I recently created a sizable human-coded dataset (5,000 items) of international news using the Prolific Academic service. The Prolific Academic is an Oxford-based academic alternative to the Amazon Mechanical Turk. The advantage of using this services is that researchers only have to compensate for work that they approve. The potential drawback is its relatively high costs. The service require researches to offer ‘ethical rewards’ to participants, and the minimum rate is £5. Most of the participants of the Prolific Academic are university students, but may be the same.
One of the reasons I had chosen the Prolific Academic over the Amazon Mechanical Turk was that classification of international news stories by the Turks may not be very accurate since the Americans are infamous for the lack of knowledge about foreign events.
The classification accuracy of the Prolific Academic participants in my project is shown below by country.
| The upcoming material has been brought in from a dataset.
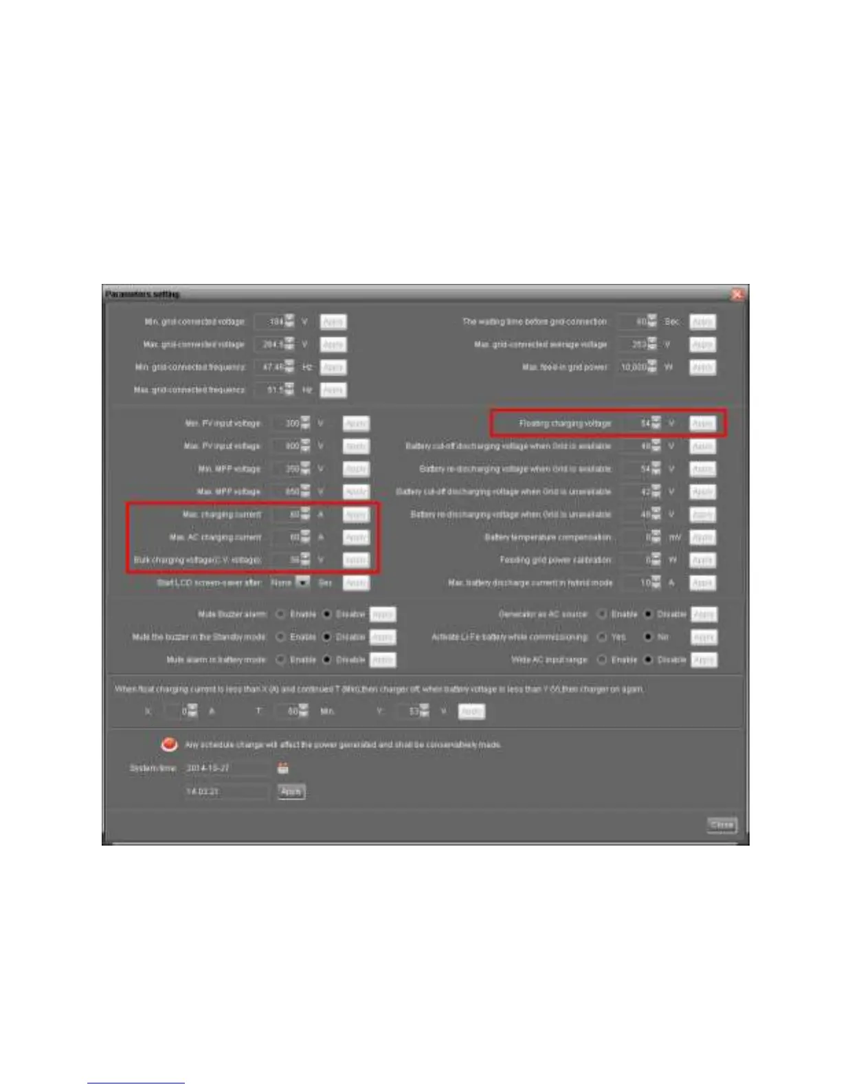 charging current is 10A. If using AGM/Gel or other types of battery, please consult with

Locations of participants (based on IP addresses) are concentrated in three countries, the UK, the US India, and the estimated accuracy (0-10) of the coding by the participants seems to be supporting my hypothesis: the Americans are not good in analyzing international news stories…
accuracy n percent Austria 7.000000 1 0.3 Thailand 6.000000 4 1.3 Viet Nam 6.000000 4 1.3 United Kingdom 5.931250 160 51.8 Canada 5.666667 3 1.0 Spain 5.666667 9 2.9 Romania 5.600000 5 1.6 United States 5.192308 26 8.4 India 4.956989 93 30.1 Czech Republic 4.500000 2 0.6 Portugal 4.000000 1 0.3 Philippines 3.000000 1 0.3
The estimated accuracy of the US participants are much lower than UK counterparts. The low accuracy of the Indians participants seem to be due to their limited English language skills. Despite the prerequisite that English is the first language, the high hourly rate, which is very close to the minimum wage in the UK, attracted a lot of less qualified people. The Indians are only account for 2% of the registrants to the service, but it was 30% in this project.
I was expecting that the participants’ classification accuracy increases as they perform more tasks, but quite the opposite was the case. Some of the participants did really good jobs initially, but their classification accuracy usually decreased and sometimes became below 70%. The declining tendency in performance can be explained by participants’ attempt for cost minimization.
Those observations raise questions in crowd-sourced content analysis:
- Whether the Amazon Mechanical Turk is the always the best crowd-sourcing platform?
- Should we offer different amounts of reward to participants according to country of residence?
- How can we maintain or improve performance of participants over the course of projects?